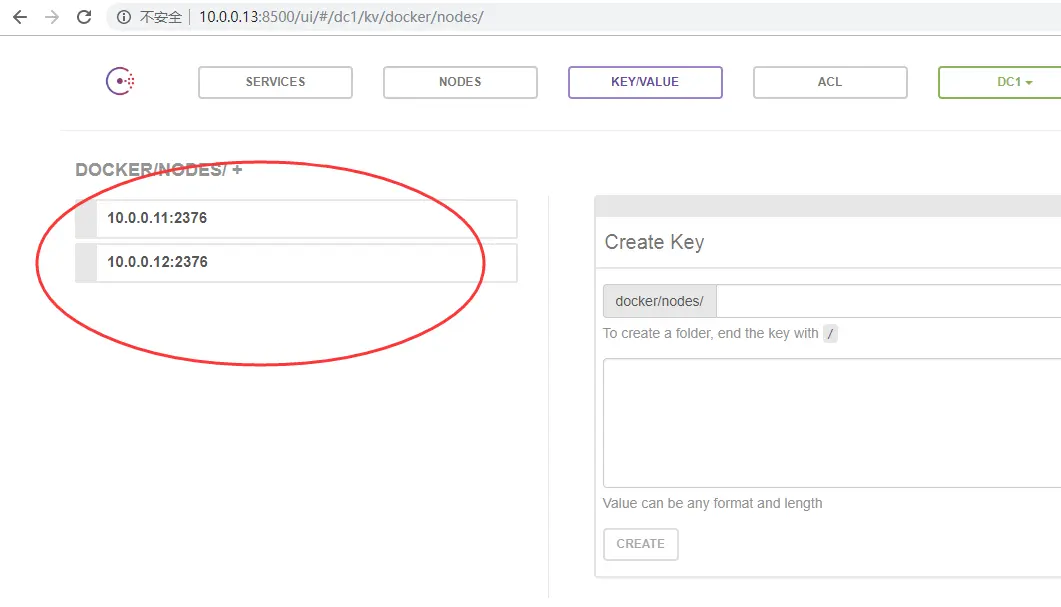 在KEY/VALUE -> docker -> nodes 下如果有你创建的两个节点docker01(10.0.0.11),docker02(10.0.0.12),说明成功。
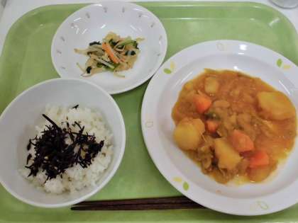 献立 ご飯、ひじきふりかけ、韓国風肉じゃが、もやしの和え物、牛乳
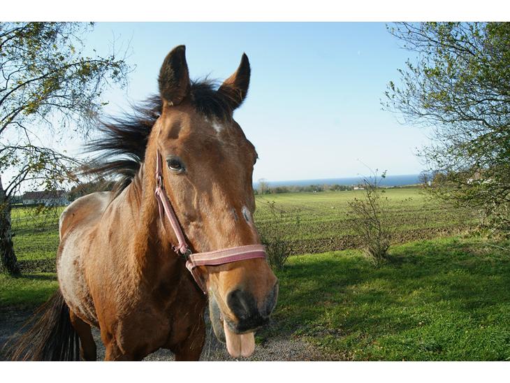 Sød hest virker meget ung af sind, en dejlig størrelse og fantastisk størrelse. Elsker mad dog meget tynd da jeg fik ham og har ikke taget på som ønsket. Elsker bevæg sig frisk og livsglad, går sammen med en hoppe som han elsker så meget at han ikke helt vil væk fra hende. Elsker blive nusset og har det meste af tiden ørne helt fremme. Vrinsker når man kommer ind i stalden bliver lidt sur hvis man ikke hilser på ham først... Knægten bliver kaldt Pony og er ved at blive genoptrænet og fedet op derfor ikke rigtig nogen billeder hvor jeg rider ham :) Men lige så snart han er begynd at være trænet op igen og har lidt mere sul på kroppen kommer der billeder af hvor vi rider... Vi har lige begyndt løsspring for sjov for at se hvordan han tager det og han elsker det udentvivl lige nu er vi op på 40 cm men skulde gerne blive mere med tiden :)
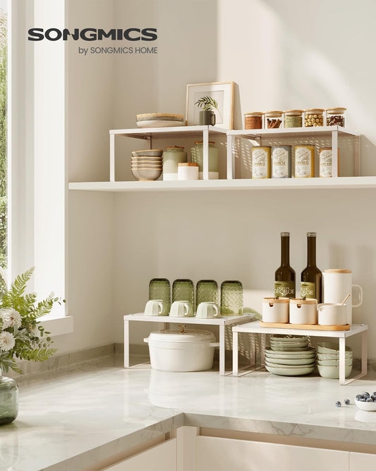 SONGMICS Spice Racks, Set of 2 Metal Cabinet Shelf Organizers, Countertop Organizers, Shelf Risers, Stackable, Expandable, White UKCS005W01
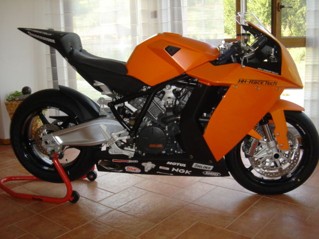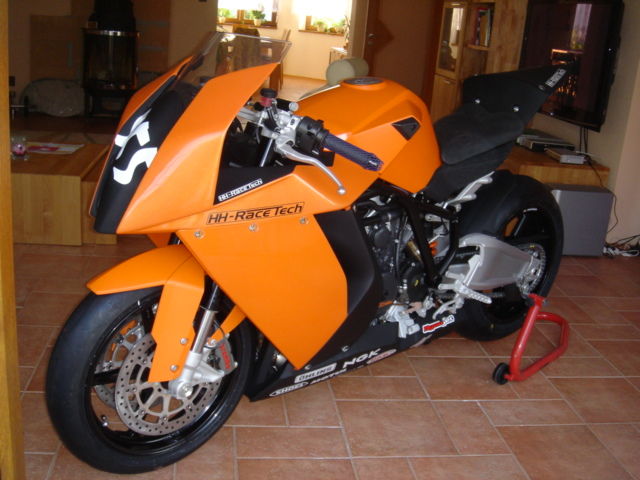 Im Juli war das KTM Team mit der RC 8 in Brünn auf der Speer VA, als ich das Moped gesehen habe und den Klang hörte musste das Ding ins Haus.......... Die Jungs sind dort 2.06,5 damit gefahren
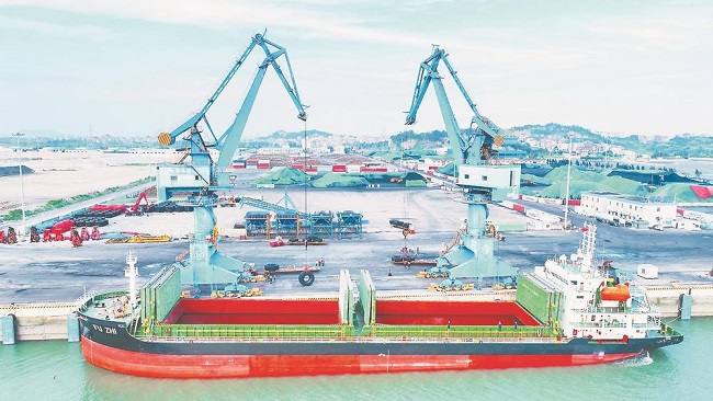 6月23日,莆田秀屿港区莆头作业区2号泊位,巴拿马籍“福芝/FU ZHI”轮缓缓抵港。岸边堆场上,吊机将一个个直径达3.5米的巨型矿卡轮胎装上拖车,再由门机精准“码”入船舱。本次共装载198个巨型轮胎,由莆头港北上,途经上海、韩国,抵达俄罗斯纳霍德卡港。这是莆田港口首次直接出口巨型轮胎。据悉,这些巨型轮胎来自仙游经济开发区的海安橡胶公司,其所生产的巨型全钢子午线工程轮胎产量位居全球第四、国内第一。
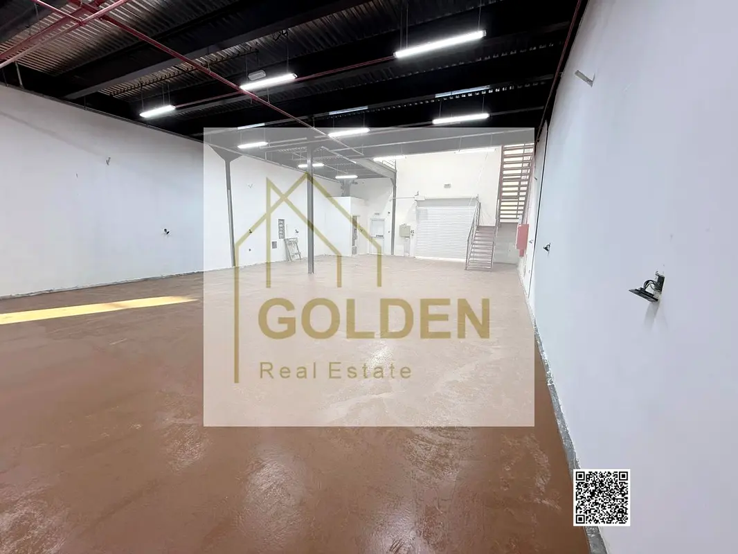 For annual rent: New brand an industrial warehouse with mezzanine in Al Jurf Industrial Area – Ajman, located in a vibrant industrial zone serving various commercial and industrial activities, with easy access to main roads that facilitate smooth truck movement and efficient transportation, loading, and unloading operations.
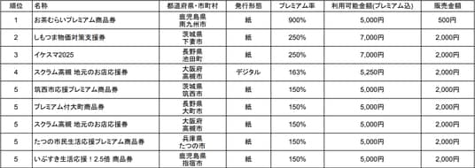プレミアム率の高い自治体・商店街のランキングは以下の通りです。地方の自治体では、プレミアム商品券のプレミアム率を高めることで、居住者の地元定着を狙っていることがわかります。
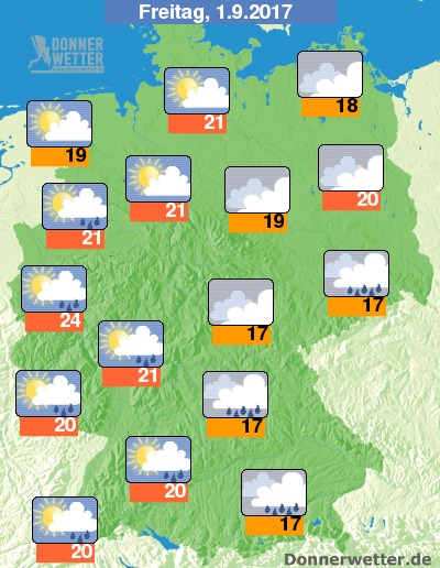 Die Temperaturen liegen am Freitag zwischen 17 Grad in Thüringen und 24 Grad in Köln.
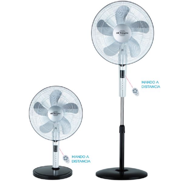 Ventilador de pie 2 en 1, sobremesa y de pie Tamaño de aspas 40 cm 3 velocidades de ventilación 3 modos: normal, brisa y noche Mando a distancia Potencia 65 W Programable 7.5 horas Oscilación 90º Asa para transporte Pilotos luminosos indicadores Regulable en altura (138cm max.) e inclinación Muy silencioso Tensión 230 V~50 Hz
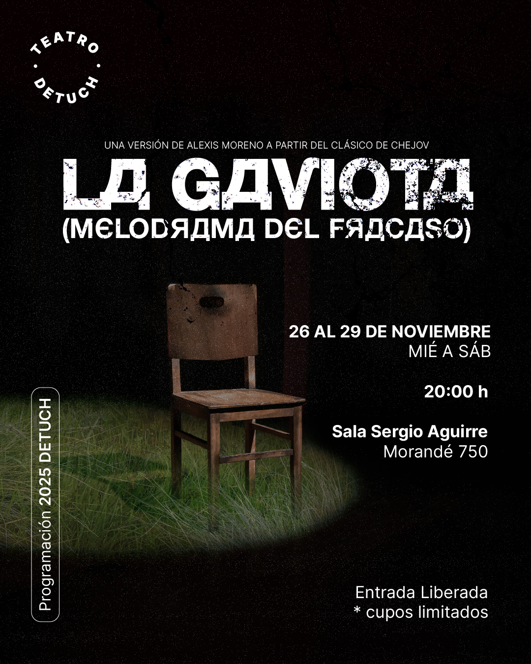 En el marco de la Temporada 2025 del Departamento de Teatro de la Facultad de Artes de la Universidad de Chile, este 27, 28 y 29 de noviembre a las 20hrs en la Sala Sergio Aguirre se presentará la obra La Gaviota (Melodrama Del Fracaso), una versión de Alexis Moreno a partir del clásico de Chejov, protagonizada por estudiantes de II año de Actuación Teatral y Diseño Teatral, con la guía de Diseño Escénico de Andrea Contreras.

▸ **Try it**
The answer must be the lines above from the one containing "6月23日,莆田秀屿港区莆头" through the one containing "プレミアム率の高い自治体・商", reproduced exactly, with no pictures and nothing else.

▸ **Your response**
 6月23日,莆田秀屿港区莆头作业区2号泊位,巴拿马籍“福芝/FU ZHI”轮缓缓抵港。岸边堆场上,吊机将一个个直径达3.5米的巨型矿卡轮胎装上拖车,再由门机精准“码”入船舱。本次共装载198个巨型轮胎,由莆头港北上,途经上海、韩国,抵达俄罗斯纳霍德卡港。这是莆田港口首次直接出口巨型轮胎。据悉,这些巨型轮胎来自仙游经济开发区的海安橡胶公司,其所生产的巨型全钢子午线工程轮胎产量位居全球第四、国内第一。
 For annual rent: New brand an industrial warehouse with mezzanine in Al Jurf Industrial Area – Ajman, located in a vibrant industrial zone serving various commercial and industrial activities, with easy access to main roads that facilitate smooth truck movement and efficient transportation, loading, and unloading operations.
プレミアム率の高い自治体・商店街のランキングは以下の通りです。地方の自治体では、プレミアム商品券のプレミアム率を高めることで、居住者の地元定着を狙っていることがわかります。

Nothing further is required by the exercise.